DATA SECTION>

┏━━

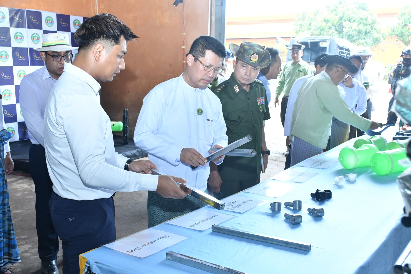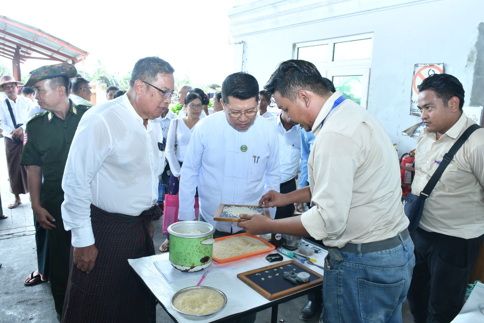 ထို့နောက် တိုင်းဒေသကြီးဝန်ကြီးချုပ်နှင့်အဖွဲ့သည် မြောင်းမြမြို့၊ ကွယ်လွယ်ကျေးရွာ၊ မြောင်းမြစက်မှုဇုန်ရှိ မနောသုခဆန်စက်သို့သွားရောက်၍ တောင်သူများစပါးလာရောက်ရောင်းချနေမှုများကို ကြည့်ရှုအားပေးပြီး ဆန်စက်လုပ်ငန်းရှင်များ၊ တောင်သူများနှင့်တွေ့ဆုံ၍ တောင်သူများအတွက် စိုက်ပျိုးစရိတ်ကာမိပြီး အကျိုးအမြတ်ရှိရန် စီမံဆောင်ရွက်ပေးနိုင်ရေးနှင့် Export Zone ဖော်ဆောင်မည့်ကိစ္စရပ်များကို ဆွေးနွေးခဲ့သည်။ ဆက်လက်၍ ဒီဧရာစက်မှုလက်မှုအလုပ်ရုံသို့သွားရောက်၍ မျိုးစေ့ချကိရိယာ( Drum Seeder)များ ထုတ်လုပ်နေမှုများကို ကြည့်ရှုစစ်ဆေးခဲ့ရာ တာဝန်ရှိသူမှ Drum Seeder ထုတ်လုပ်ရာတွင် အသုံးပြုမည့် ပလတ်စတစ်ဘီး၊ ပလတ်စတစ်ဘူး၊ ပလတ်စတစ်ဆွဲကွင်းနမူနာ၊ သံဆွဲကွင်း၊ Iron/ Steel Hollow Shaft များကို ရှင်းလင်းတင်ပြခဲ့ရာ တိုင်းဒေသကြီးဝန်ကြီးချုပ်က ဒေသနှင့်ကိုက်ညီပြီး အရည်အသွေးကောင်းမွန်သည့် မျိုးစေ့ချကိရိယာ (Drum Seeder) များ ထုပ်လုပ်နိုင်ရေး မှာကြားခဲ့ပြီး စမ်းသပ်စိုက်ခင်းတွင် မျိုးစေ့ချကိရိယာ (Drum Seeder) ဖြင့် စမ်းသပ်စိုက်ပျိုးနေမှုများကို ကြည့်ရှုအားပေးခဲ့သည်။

┗━━
┏━━

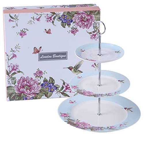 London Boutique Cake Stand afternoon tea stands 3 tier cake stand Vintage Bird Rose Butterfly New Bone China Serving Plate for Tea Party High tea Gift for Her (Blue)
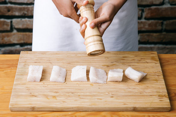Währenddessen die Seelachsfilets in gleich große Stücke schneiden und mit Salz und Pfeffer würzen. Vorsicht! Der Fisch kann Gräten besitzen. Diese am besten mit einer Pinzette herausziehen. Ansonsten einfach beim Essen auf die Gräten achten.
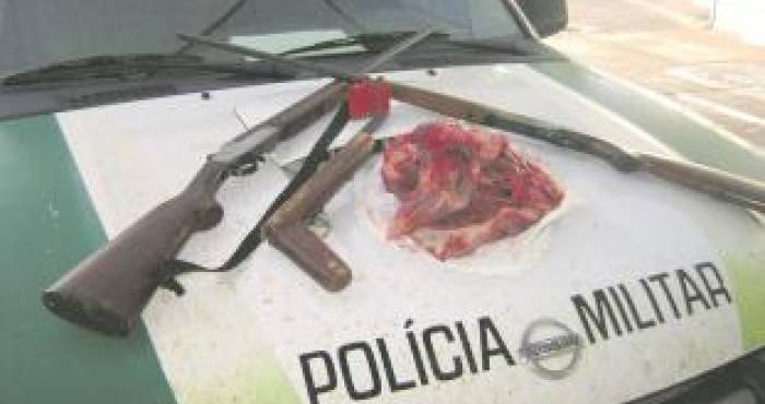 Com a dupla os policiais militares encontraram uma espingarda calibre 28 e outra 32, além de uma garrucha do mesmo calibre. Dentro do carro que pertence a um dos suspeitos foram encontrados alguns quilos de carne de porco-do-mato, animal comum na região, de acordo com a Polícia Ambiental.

┗━━

TASK INSTRUCTIONS> Write out exactly the lines above between the one with "London Boutique Cake" and the one with "Com a dupla", inclusive, with pictures left out.

SOLVED EXERCISE>
 London Boutique Cake Stand afternoon tea stands 3 tier cake stand Vintage Bird Rose Butterfly New Bone China Serving Plate for Tea Party High tea Gift for Her (Blue)
Währenddessen die Seelachsfilets in gleich große Stücke schneiden und mit Salz und Pfeffer würzen. Vorsicht! Der Fisch kann Gräten besitzen. Diese am besten mit einer Pinzette herausziehen. Ansonsten einfach beim Essen auf die Gräten achten.
 Com a dupla os policiais militares encontraram uma espingarda calibre 28 e outra 32, além de uma garrucha do mesmo calibre. Dentro do carro que pertence a um dos suspeitos foram encontrados alguns quilos de carne de porco-do-mato, animal comum na região, de acordo com a Polícia Ambiental.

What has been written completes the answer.